There has been much discussion lately of the scandal at Stafford Hospital in the West Midlands of England, where patients were mistreated and death rates were high.
Comments have focused on cost-cutting and managerial box-ticking, but few seem able to answer the most troubling question: What made some nurses at the hospital, people who surely entered the profession to do good, turn so nasty?
The extensive report by barrister Robert Francis failed to substantiate some of the more lurid stories. Although the news media have repeatedly said patients were reduced to drinking from vases, Mr. Francis, who heard from 966 patients and families, found no direct evidence of this. What he did find was worse.
Take this characteristic incident: A woman whose 96-year-old mother-in-law had been admitted to the hospital arrived to find her in a room with the door wide open, completely naked. Her mother-in-law was covered in feces. “It was in her hair, her eyes, her nails, her hands.” The soiling had dried; she had been that way for hours. “So many people must have walked past and seen her. Why didn’t somebody go in to her?” the woman said.
Often, there was a lack of human warmth and courtesy. A 72-year-old patient was thrilled to discover she could again wiggle her toes. She told the cleaner, who was delighted. She told the nurse who came to deliver her medication. The nurse left without a word.
Relatives told Mr. Francis of buzzers ignored, of how they had to wash patients themselves, of complaining to nurses who said: “Don’t moan … I have had no break today.” In some cases, Mr. Francis said, the nurses’ behaviour could properly be called “abuse.”
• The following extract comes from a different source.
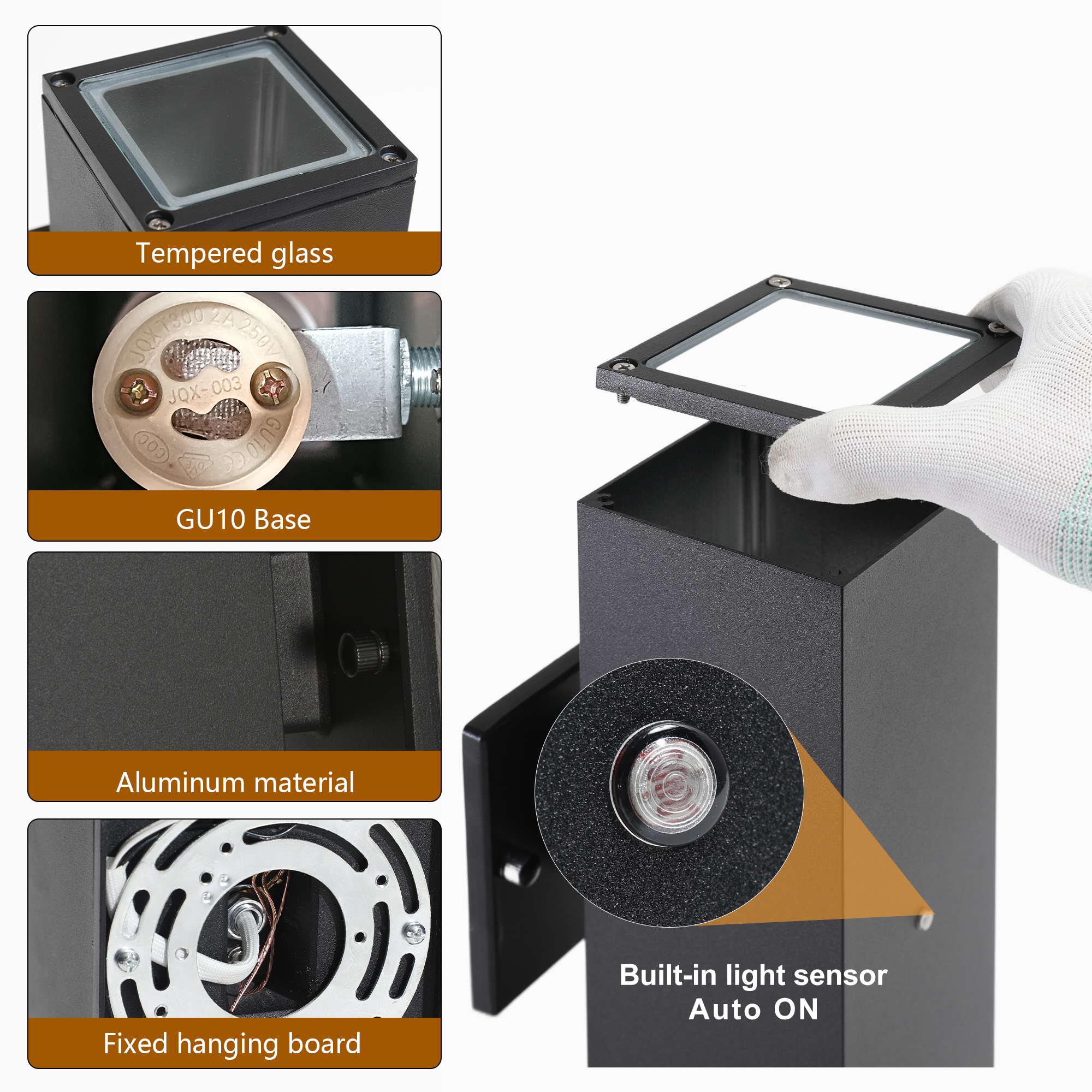 NEOSGO Outdoor Wall Light Fixture,Exterior Lighting Fixtures,Dusk to Dawn Modern Sconce Lights for Porch Patio Garage Front Door (Black,Square,with Sensor,2PK) is intended to provide focused wall lighting while also adding decorative detail to the surrounding space. This style is especially useful near mirrors, over bathroom vanities, along hallways, in bedrooms, or in accent areas that benefit from directed light rather than relying only on ceiling fixtures. Based on the product presentation, it offers a practical mix of daily illumination and visual styling, which helps the room feel more complete and intentionally designed. It is a good option for customers who want better task lighting together with a more refined finished look on the wall. Overall size is approximately 8.5 x 5.5 x 12.4 inches with a listed weight of 4.8. The current listing includes 9 product images, which help clarify the product shape, proportions, and visual placement in a real room setting.

Visitors not only had to look after their own relatives. They had to intervene on behalf of strangers. When one visitor saw an elderly man crying for his wife, she went in search of a nurse who dismissed her, saying the patient had “lost it.”
The visitor exploded: “That man is somebody’s husband, he is somebody’s dad.”
There have been cases in many other industries of staff losing sight of morality: selling mortgages to people who couldn’t afford them, manipulating Libor interest rates, or hacking a murdered teenager’s phone. People expect better of nurses. How did it go wrong?
Mr. Francis, who stressed that some nurses provided excellent care, rightly said there was no excuse for what individuals did. But to explain is not to excuse and some of the answers are apparent in his report.
When staff show disdain for customers – or patients – you can be sure their managers do, too. This is as true of an airline or a call centre as it is of a hospital.
Of course, the Stafford Hospital managers said they cared about the patients, but their real priority was reducing costs, which they did by cutting the nursing staff. Nurses found themselves unable to answer every patient’s call. If they were dealing with one, they had to ignore others’ buzzers. Overstretched, many went off sick, which made work harder for those who remained.
Mr. Francis was unconvinced that all the reductions in nursing numbers were necessary. Costs could have been cut by more effective management. But that would have meant listening to front-line staff. When managers, after a visit to a U.S. hospital, decided to merge wards, nurses protested that it was a bad idea to put colorectal patients together with vascular ones. Colorectal surgery was dirty; vascular patients, who might have had amputations, needed to be kept clean. Their plea was disregarded.
One nurse who submitted incident reports said she received “no acknowledgment, nothing. … Mine were mainly to do with staffing levels; just not being able to give basic care, not being able to get round to feed patients.”
Where were the doctors? Most kept their heads down, but some understood the nurses. “I have never met a nurse who comes to work to do a bad job,” one doctor said. “If you are in that environment for long enough, what happens is you … either become immune to the sound of pain or you walk away.”
It may not have been callousness that led nurses to avoid patients and relatives. One said how ashamed she was of her inadequate service.
Managers of failing organizations often talk of changing the culture. How do they measure success? More important than any target or financial outcome is when staff can say: “I am proud to work here.”